To hide or flinch from the fact that former-”people calling themselves rationalists” were sometimes pretty bad at the biggest questions of suffering and happiness, or good and evil, seems like… like… probably not what someone who was good at virtue epistemology would do? So, I probably shouldn’t flinch. Probably.
I’m interested to know how much the prominent figures in these past Rationalist groups cared about rationality itself rather than its bedfellows (science, atheism, socialism or communism etc.). A related question is whether these groups sometimes functioned as a fig leaf for a certain kind of political association (e.g. scientifically-minded socialists).
From reading the J. B. S. Haldane biography linked in the OP, I got the sense that Haldane cared most about science and the status of scientists in society. He seems to care less about rationality per se than science. He was a devoted communist for a period but this also stems (in part) from the value he places on science. (He had the view that communist countries gave more status to scientists and were run more scientifically.) So I doubt he was involved with the Rationalist Association because of the politics (though maybe if the politics were very conservative he would have left).
Your concern makes a lot of sense. From my perspective, the lesson is “wannabe rationalists easily get politically mindkilled”. Whether you are woke, or alt-right, or libertarian, political allegiance always pushes you towards denying some politically inconvenient parts of reality.
(Different parts of reality are inconvenient for different political tribes; so you can still ignore one part of reality and feel intellectually superior to those differently politically mindkilled people who ignore a different part of reality. I suppose this is how Shaw felt.)
Or more generally, contrarians are also gullible as fuck, only about different things than the majority.

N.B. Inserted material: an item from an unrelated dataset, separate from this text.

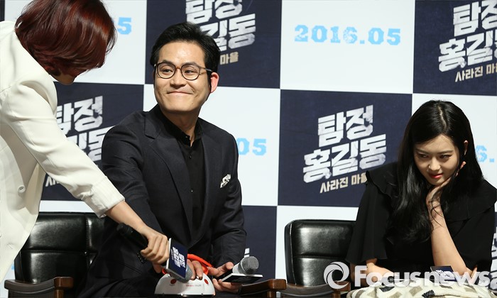 (서울=포커스뉴스) 4일 오전 서울 강남구 압구정 CGV에서 열린 영화 '탐정 홍길동 : 사라진 마을' 제작보고회에 참석한 김성균(가운데)이 거짓말 탐지기를 이용한 질문을 받고 있다.

For example, my sympathies are roughly on the libertarian side, but I obviously notice it is often libertarians talking nonsense on topics like global warming or covid. Because those are exactly the parts of reality that are inconvenient for libertarians: where an isolated individual effort achieves practically nothing, and a collective action is needed to solve the problem. How inconvenient!
(And similarly, it is inconvenient for a socialist when Soviet Union… or Venezuela turns out to be a disaster. Oh wait, this is not true socialism, because nothing ever is. Similarly, North Korea is inconvenient for a neoreactionary; but don’t worry, North Korea is not a true family-owned state, because nothing ever is. Heredity of traits is inconvenient for the woke. Evolution is inconvenient for the religious. Etc.)

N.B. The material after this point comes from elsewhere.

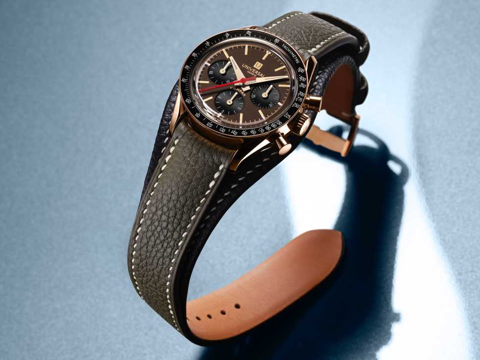 Cada pulseira foi gravada a quente com as assinaturas Universal Genève e Hosoï-Paris. A paleta de cores é contemporânea, mas atemporal: marrom ou preta combinada com relógios em ouro branco; em tom cinza-castanho ou verde-oliva combinada com ouro vermelho. Como seria de esperar, as pulseiras Tribute to Compax foram criadas em Paris, a mesma cidade onde Nina transformou o seu relógio pela primeira vez e onde a sua história fica agora completa.

Yes, it is possible. But I believe there is a middle ground where FDA is not destroyed completely, only the rules are changed, so that something not being approved by FDA (yet) is not a complete obstacle, or perhaps there are different levels of “approval” and some of them are granted rather quickly.

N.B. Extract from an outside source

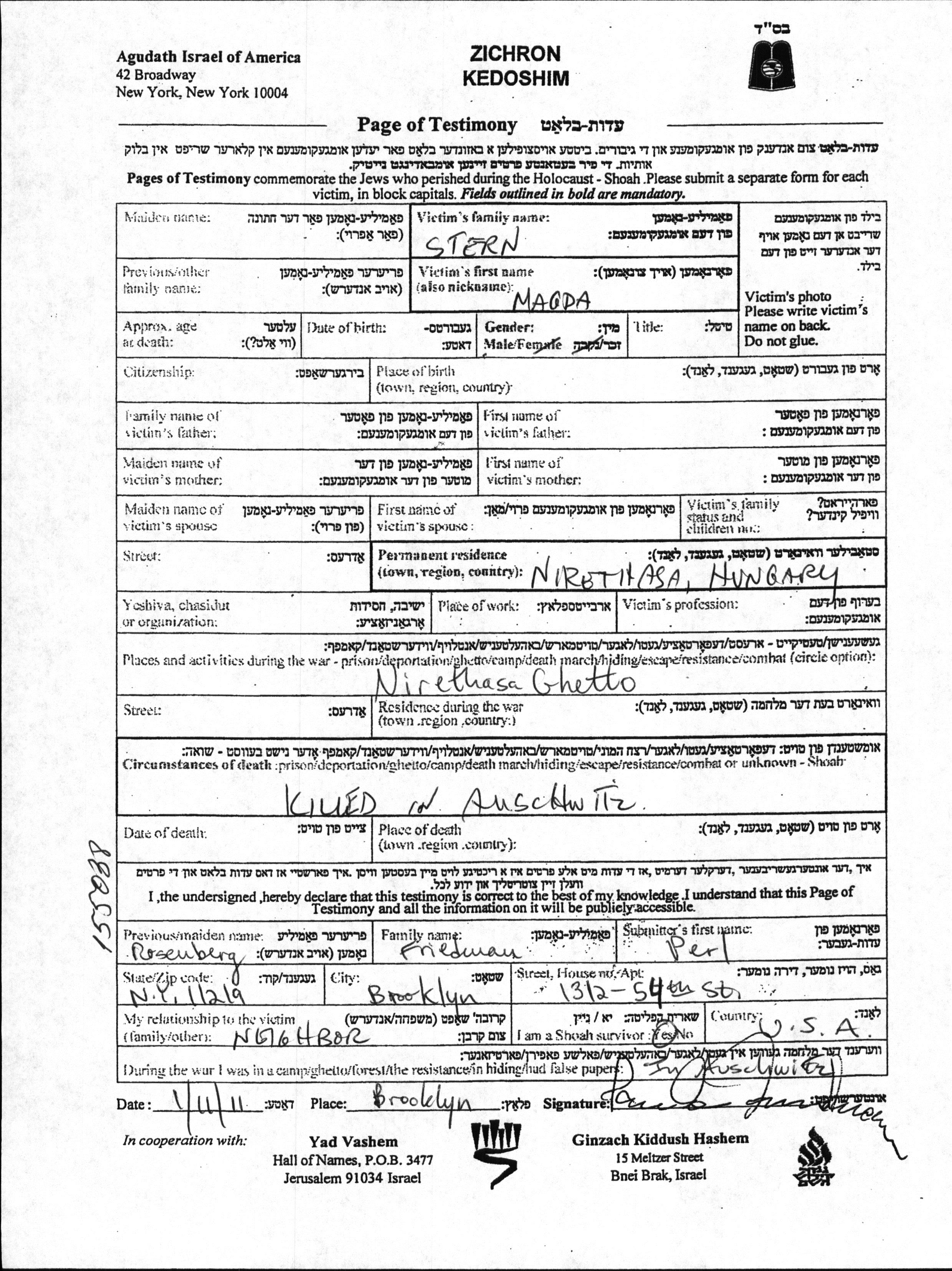 Stern Magda Nirethaza, Hongrie Feuille de témoignage

But whatever you do (whether you call yourself a rationalist or not), you should keep looking at the reality, evaluating new data, and sometimes changing your opinion.
It might also have been the case that a tour of Russia organized by Stalin indeed showed Shaw a bunch of towns that got extra food delieveries right before Shaw entered the town. Shaw then neither spoke Ukranian nor Russian and was likely dependend on a Soviet translator to talk with the peasants.
His problem might have been that he believed the evidence that Stalin carefully selected for him to be representative of the situation.
The holodomor denialism seems very similar to lab leak denailism. Lab leak denailism is also about trusting in certain authorities because you agree with them in your philosophical worldview and then accepting their cherry-picked and manipulated evidence.
With Omicron potentially escaping from South African labs, the lab leak denailism might even be more deadly. Avoiding holodomor denialism in the West wouldn’t have prevented or ended it. On the the other hand getting rid of lab leak denialism would have increased biosafety protocols.